Archive Page 15

Physician, Heal Thyself! An Early and Late Career Collaboration

Exchanging ideas with Dr. Lilian White about what each one of us might write on this topic, I ended up focusing very hard on the word HEAL. In Swedish, the word for physician is LÄKARE, which literally means HEALER. But the sad truth is that we treat a whole lot more than we heal. The way I understand healing is restoring natural and at least nearly perfect health. That may be the case with repairing a laceration or casting a fracture, but it hardly characterizes what we do when we prescribe medications for chronic health conditions, substances that mitigate symptoms but often cause secondary, unwanted, and sometimes downright dangerous side effects.

By now we know that there are just a few disease mechanisms that cause most of the chronic conditions affecting modern human beings. There is inflammation, which in large part is related to the foods we eat. Ultraprocessed foods and foods with too much sugar or unnatural additives are drivers of many such conditions. We also know that physical inactivity lies behind many conditions. Stress, screen time and sleep quality also threaten our health these days.

If these drivers of disease and ill health are recognized early enough, healing is possible, but sometimes all we can do as physicians is harm reduction. 

I believe the fundamental principle behind the phrase PHYSICIAN, HEAL THYSELF is that we need to be stewards of our own bodies and our health and demonstrate and share that ideal to our patients. I also, naturally, believe that by taking care of our own health, we can do more good for more people as we decrease our own risk of illness and burnout. Ignoring our own needs in order to maximize our output, productivity or whatever you choose to call it is ultimately wasteful. 

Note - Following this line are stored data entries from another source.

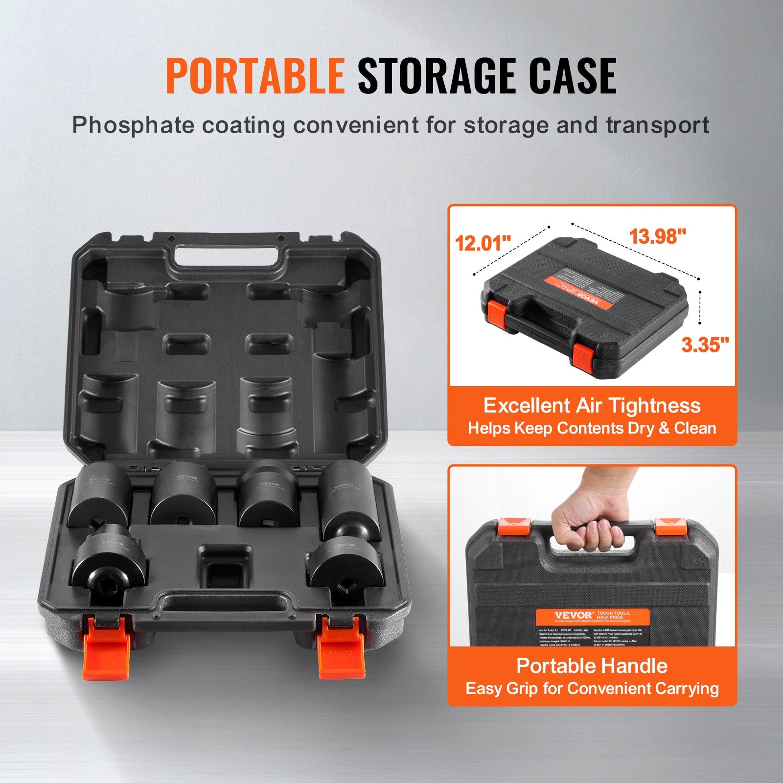 - 1/2-tums spindelmutterhylssats: Denna spindelmutterhylssats innehåller 6 olika hylsstorlekar: 2-3/4" x 4 Lug yttre, 2-5/8" x 6 Lug yttre, 2-3/8" x 4 Lug yttre, 2-1/2" x 4 Lug inner, 2-1/4" x 4 Lug inner och en framaxelavdragare. Kompatibel med en mängd olika fordon och möjliggör effektiv borttagning av hjulnavmuttrar.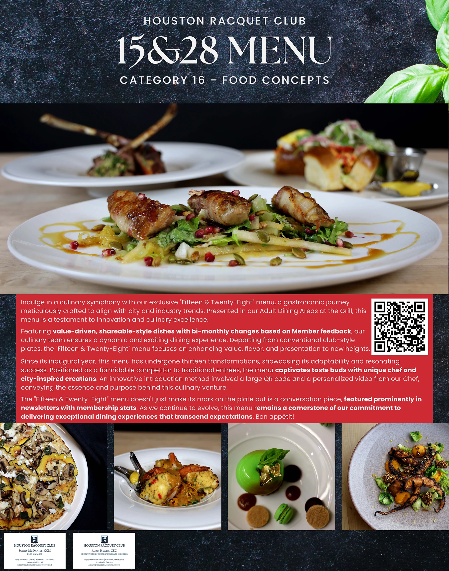 Since its inaugural year, this menu has undergone thirteen transformations, showcasing its adaptability and resonating success. Positioned as a formidable competitor to traditional entrées, the menu captivates taste buds with unique chef and city-inspired creations. An innovative introduction method involved a large QR code and a personalized video from our Chef, conveying the essence and purpose behind this culinary venture. Members love the variety this menu brings to the Club and always look forward to the new 15&28 offerings.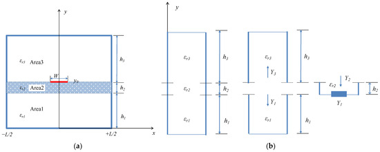 The SISL circuit is based on a suspended stripline, whose cross-section is illustrated in Figure 4a. The area 3 and 1 are air with permittivity of εr3 = εr1. The area 2 is the dielectric substrate. The transmission mode in SISL can be considered as quasi-TEM mode. The transmission characteristic of SISL can be derived from solving the distributed capacitance of the transmission line. The solution of the capacitance can be calculated using the variation method and Green function. The Green function can be derived from solving the effective circuit of the transmission line along the Y direction [20]. Here, we consider the SISL model in Figure 4a as a transmission line along Y direction, where the distribution of the electromagnetic wave is a standing wave. The effective circuit of the SISL along Y direction is shown in Figure 4b. It can be considered as a short-circuit line as the SISL is in a metal shielding cavity.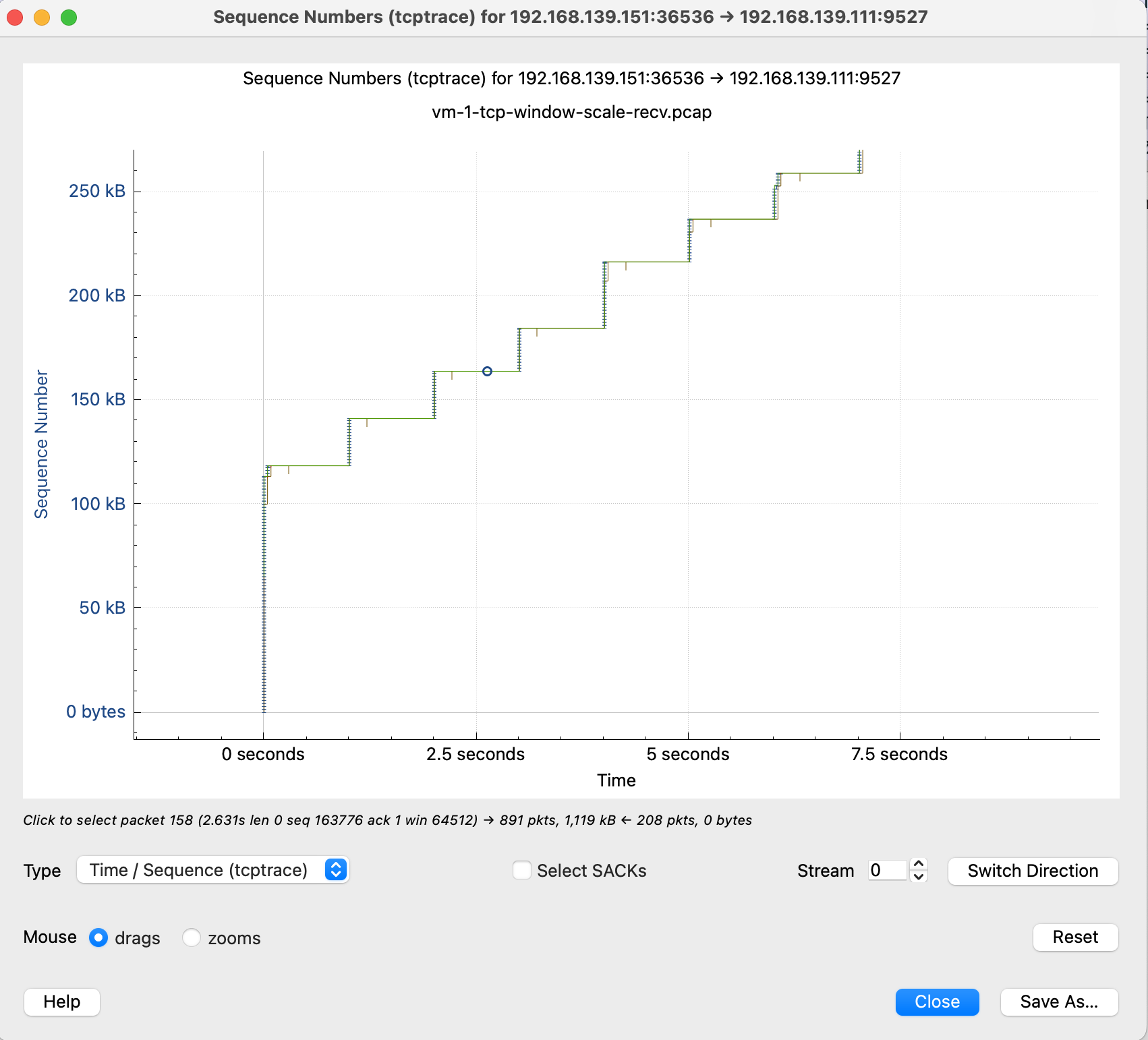 这里简单解释下这个图,X 轴是时间,Y 轴是 Sequence Number,绿色线是接收方的 window size,蓝色线是发送的包(捕获到的包),黄色的线是 ACK 过的 Sequence Number 值。那么从图上就可以看出来,每当接收方的 window size 增大的时候,立即就有包发送出去了。当 window size 为 0(线平了)的时候,发送立即就停止了。所以这个图告诉我们这个传输是接收方的瓶颈,是接收方通过 window size 的关闭对发送端进行了限流。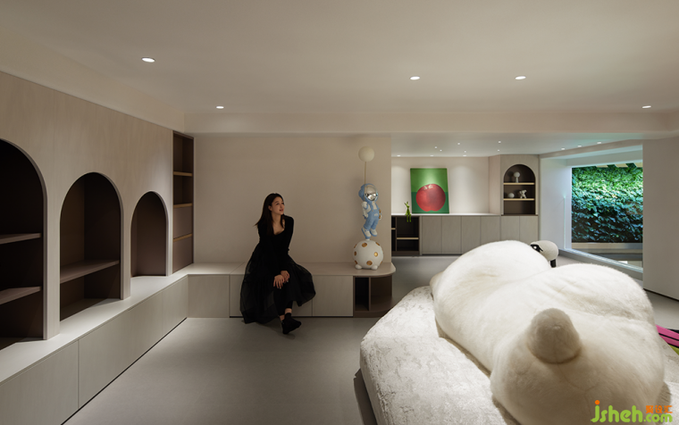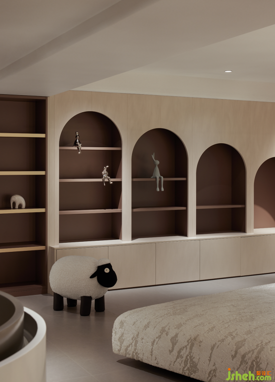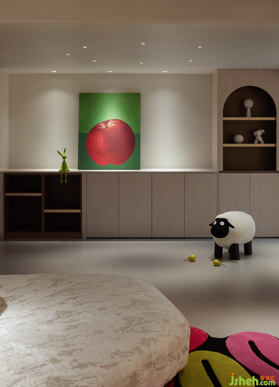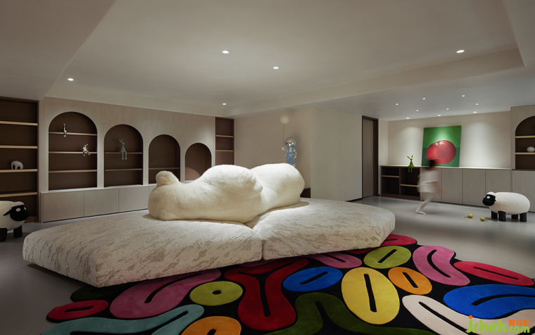 夹层处的休闲放松区域是适合亲子共度的空间,也是家中欢笑最多之处,设计师用柔软家居材质和温和弧度线条将其温柔包裹,将外界纷扰情绪一一摒弃,只享受此时此刻的甜蜜时间。

Now, I readily admit there were times when I put my work before my own health and there were times when I could have been more present for my family. There were the years when I worked 6 days a week, 40 hours in Bucksport and 20 in Aroostook County, 223 miles between my two houses, 4 hours when the weather allowed, much longer many times in the winter. Three times, I swerved around a moose that was standing still in the middle of I-95 as I was driving almost 80 miles an hour in the early morning or late evening hours during my self imposed commute. During those years and a few other times in my life I put my work so far ahead of my own health and wellness that I definitely didn’t live up to the adage of healing myself so that I would be likely to do more good for my patients in the long run. 

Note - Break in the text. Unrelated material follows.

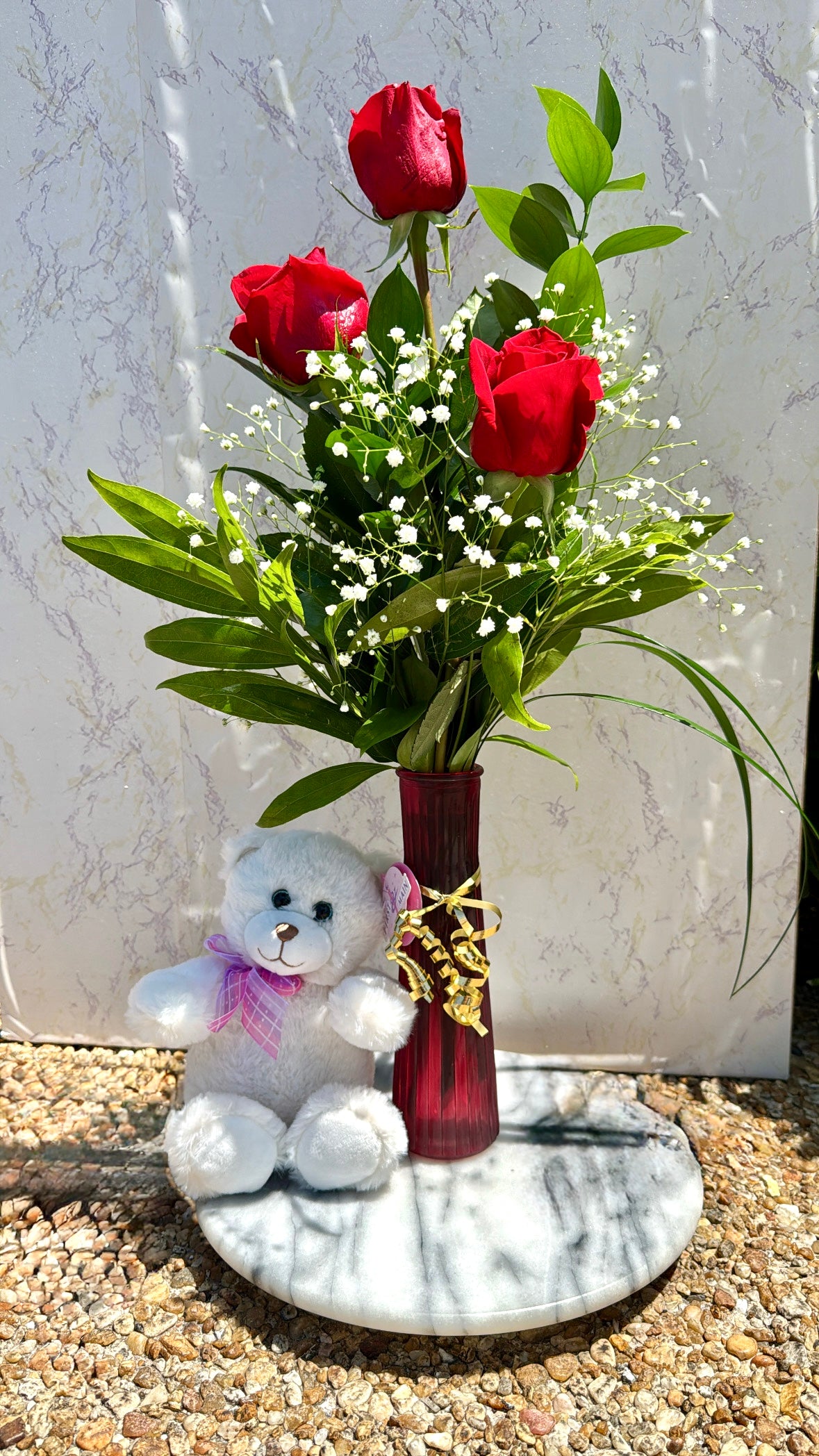 Elegant Simplicity. Add a touch of elegance to any room with our 3 rose bud vase with a lovely plush bear. This is the perfect sweet surprise or thoughtful gift. Our freshest long lasting long stem roses are carefully selected for their beauty and fragrance. This arrangement is perfect for any occasion, from romantic gestures to everyday beauty.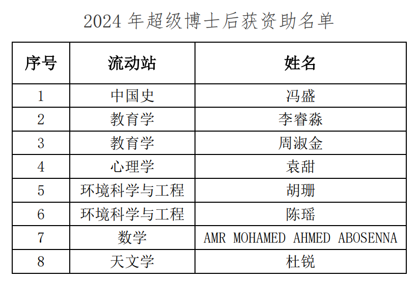 近日,上海市人力資源和社會保障局公布了2024年度上海市“超級博士后”激勵計劃資助人員名單,我校有8位博士后獲得本年度資助。

It is often said that physicians make the worst patients. I’m definitely in that category. There are two aspects of this, at least in my own case. One is that I’m pretty opinionated by virtue of my knowledge and experience. I know the back story to many of the things we now consider axiomatic, but that have changed more than once during my years in this profession (or should I use the word business – no, that’s another topic). The other is that, also in part because of my many years of doctoring, I have become more than a little fatalistic in my views on preventive medicine. What makes sense when you look at populations doesn’t always make sense for individuals. I sometimes say “I provide health care but I don’t partake in it”.

I have seen too many times that bad things, bad diseases, happen to people who do all the screenings and follow all the rules to try to stay healthy. 

Here’s a 2 year old article I happened to read tonight:

The Nordic-European Initiative on Colorectal Cancer (NordICC) was a large, multi center, randomized study that investigated the effects of population-based colonoscopy screening on the risks of colorectal cancer and related death at 10 years. It was published in 2022. Its conclusion was “The number needed to invite to undergo screening to prevent one case of colorectal cancer was 455 (95% CI 270 to 1429). The risk of death from any cause was 11.03% in the invited group and 11.04% in the usual-care group (risk ratio 0.99; 95% CI 0.96 to 1.04).” 

I wonder if this has anything to do with the statistic that a quarter of all polyps are missed during the average colonoscopy.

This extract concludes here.